Dr. David Jaffe, Broad Institute
High-quality draft assemblies of large and small genomes from massively parallel DNA sequence data
David B. Jaffe, Iain MacCallum, Sante Gnerre, Dariusz Przybylski, Filipe J. Ribeiro, Joshua N. Burton, Bruce J. Walker, Ted Sharpe, Giles Hall, Terrance P. Shea, Sean Sykes, Aaron M. Berlin, Daniel Aird, Maura Costello, Riza Daza, Louise Williams, Robert Nicol, Andreas Gnirke, Chad Nusbaum, Eric S. Lander
Broad Institute of MIT and Harvard, 320 Charles Street, Cambridge MA 02142
Massively parallel sequencing (MPS) technologies are revolutionizing genomics by making it possible to generate billions of relatively short (~100 base) sequence reads at very low cost. While such data can be readily used for a wide range of biomedical applications, it has proven difficult to use them to generate high-quality de novo assemblies of large, repeat-rich vertebrate genomes. To date, the genome assemblies generated from such data have fallen far short of those obtained with the older (but 1000 times more expensive) capillary-based sequencing approach.
We report the development of a new algorithm for genome assembly, ALLPATHS-LG, and its application to MPS data from fifteen vertebrate genomes, generated on the Illumina platform: human, mouse (B6 and 129), bushbaby, ferret, shrew, ground squirrel, tenrec, stickleback, coelacanth, and five cichlid fish. The resulting draft genome assemblies have good accuracy, short-range contiguity, long-range connectivity and coverage of the genome. In particular, the base accuracy is high (>= 99.95%) and the scaffold sizes (e.g. N50 size = 11.5 Mb for human and 17.4 Mb for mouse) are similar to those obtained with capillary-based sequencing. The combination of new sequencing technology and new computational methods should now make it possible to increase dramatically the de novo sequencing of large genomes.
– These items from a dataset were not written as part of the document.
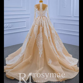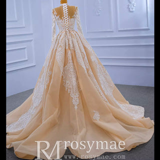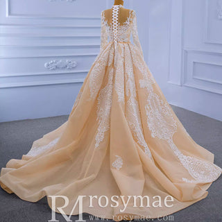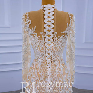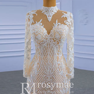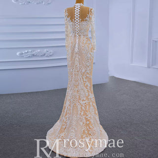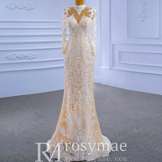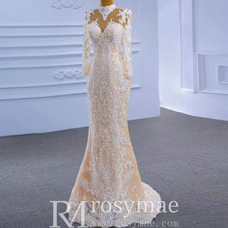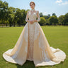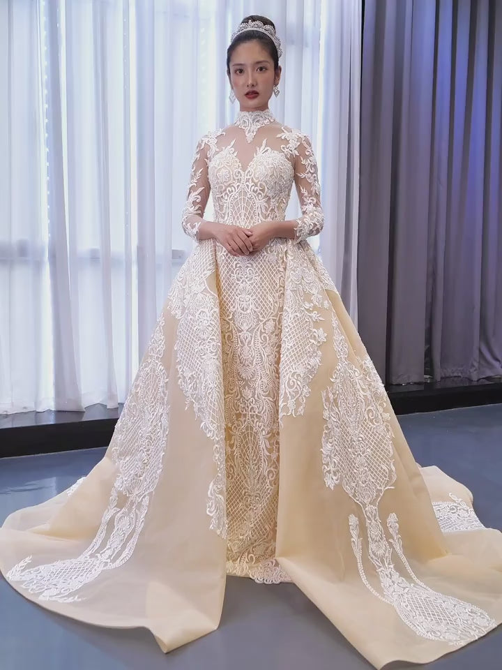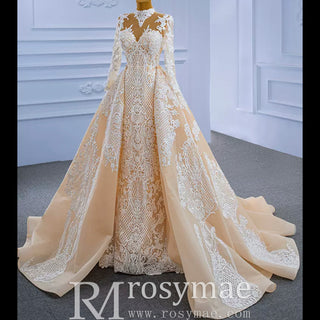 Vestido de novia de manga larga con cuello redondo y encaje de sirena con cola desmontable
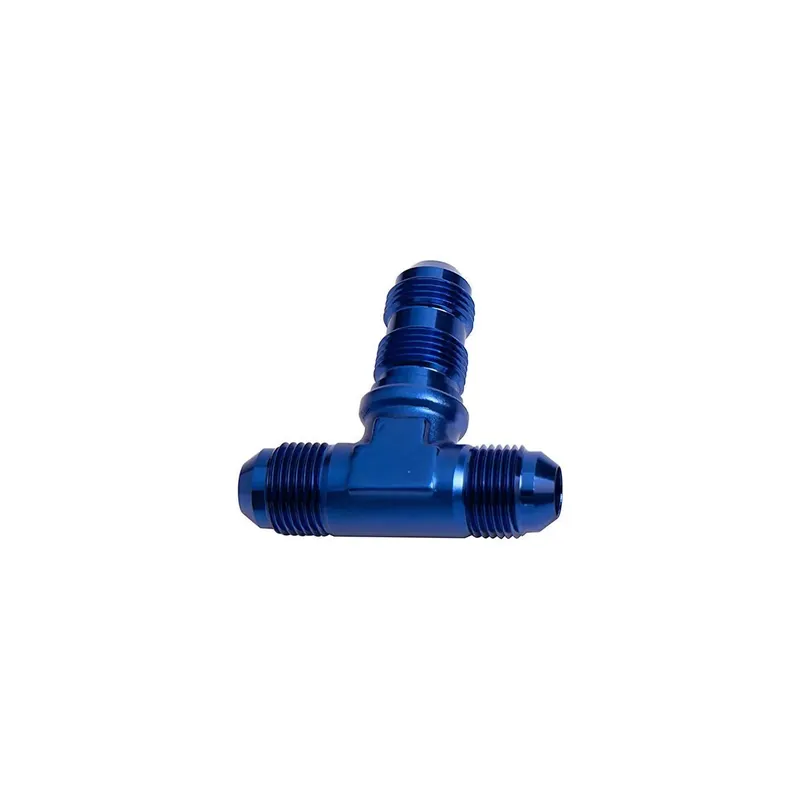 These AN tee bulkhead fittings allow you to easily and safely run you fuel/oil/water lines through a panel or firewall without worrying about rubber grommets and wearing through the hose. This AN tee-piece has the bulkhead section on the side and all ends are the same AN male flare size. Available in sizes from -3 all the way through to -20.
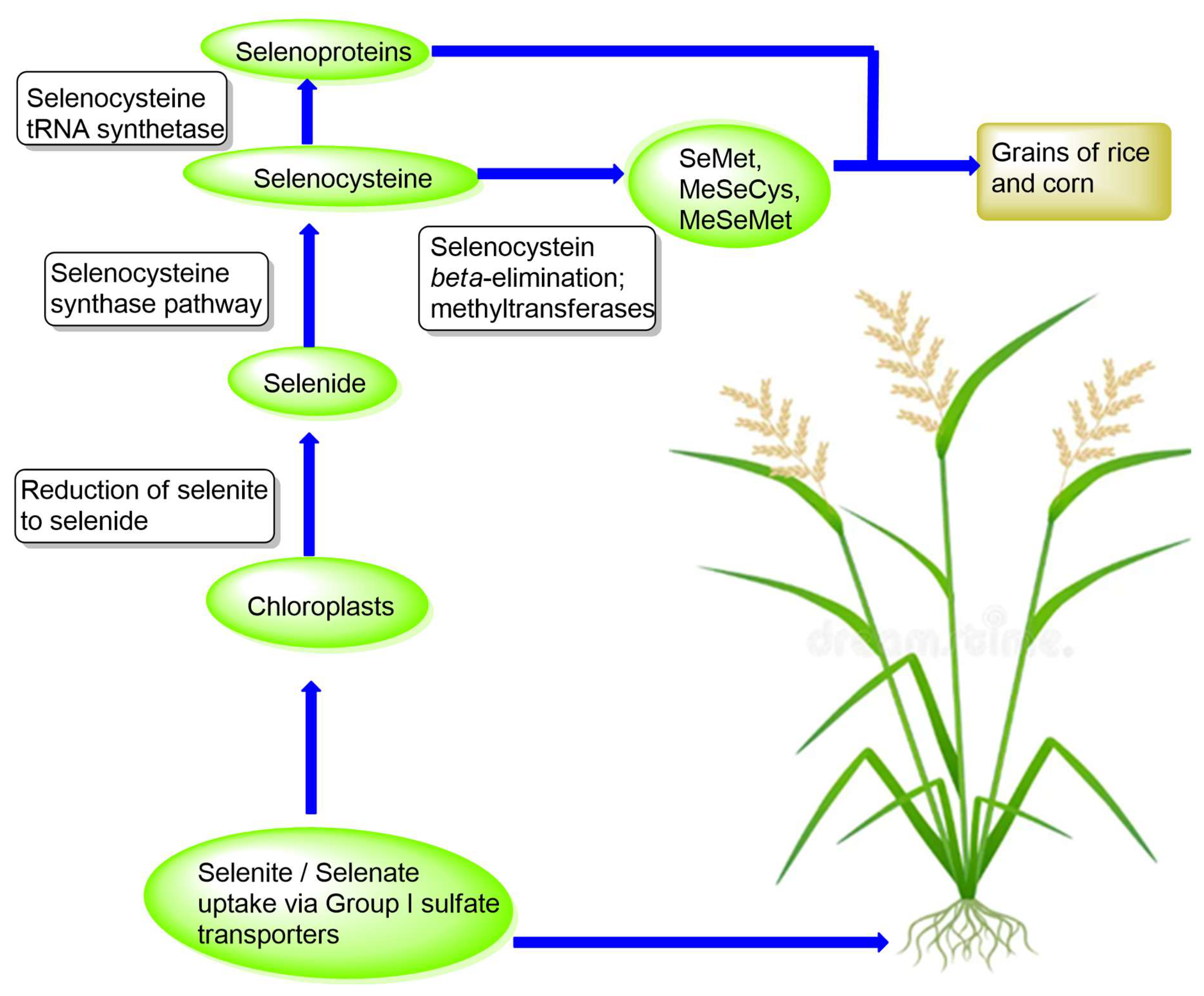 Group I sulfate transporters (SULTR 1;1 and SULTR 1;2) are most likely involved in the uptake of inorganic selenium in rice and corn plants, whereas inorganic phosphate transporters may be capable of taking up selenite at the root [121,122,123]. Selenate is transported into the chloroplasts of the plants, where it is metabolized into organic selenium. Selenate is initially reduced to selenite (Figure 2), which is further reduced non-enzymatically to the highly reactive species hydrogen selenide. Selenide subsequently enters the synthetic pathway to selenoamino acids, with selenocysteine being the first seleno-organic compound formed in the chloroplasts of the plants [115,120]. However, higher plants such as Arabidopsis thaliana and Oryza sativa (rice) lack both selenoproteins and the Sec (selenocysteine) insertion machinery, which is consistent with evidence that these components were lost during the evolutionary transition from aquatic to terrestrial environments [124,125]. In these plants, Sec is not incorporated into proteins but is instead metabolized into other non-protein selenium compounds. Alternatively, Sec is methylated to form selenomethionine (SeMet), methylselenocysteine (MeSec), or methylselenomethionine (MeSeMet) (Figure 2), with subsequent transformations leading to the formation of volatile dimethylselenide (DMSe) that is released via the stomata to remove excess selenium (Figure 2) [50,115,120]. Moreover, some SeMet and MeSec are translocated to the grains of rice and corn, serving as an organic dietary selenium source (Figure 3) [115].
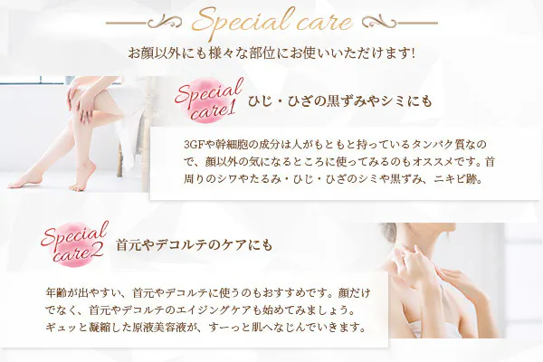 この想いを実現するために、美容液には余計な成分をいれずに肌自身が持つ自然の回復力を引き出し本来の働きを取り戻すスキンケアを目指しました。

While high-quality assembly of large genomes remains a key challenge of the field, in fact the assembly of small genomes is often challenging, and presently limited by defects in amplification-based MPS data, including read length and uneven coverage. Unamplified single-molecule sequencing data (having complementary properties) can now be generated on the Pacific Biosciences platform. At current yields, this is highly practical for small genomes, for which sample prep costs dominate. Using a modified version of ALLPATHS-LG, we demonstrate hybrid (Illumina plus Pacific Biosciences) assemblies of bacterial genomes. These assemblies are much better than the Illumina-only assemblies of the same genomes. In fact they close nearly all small gaps.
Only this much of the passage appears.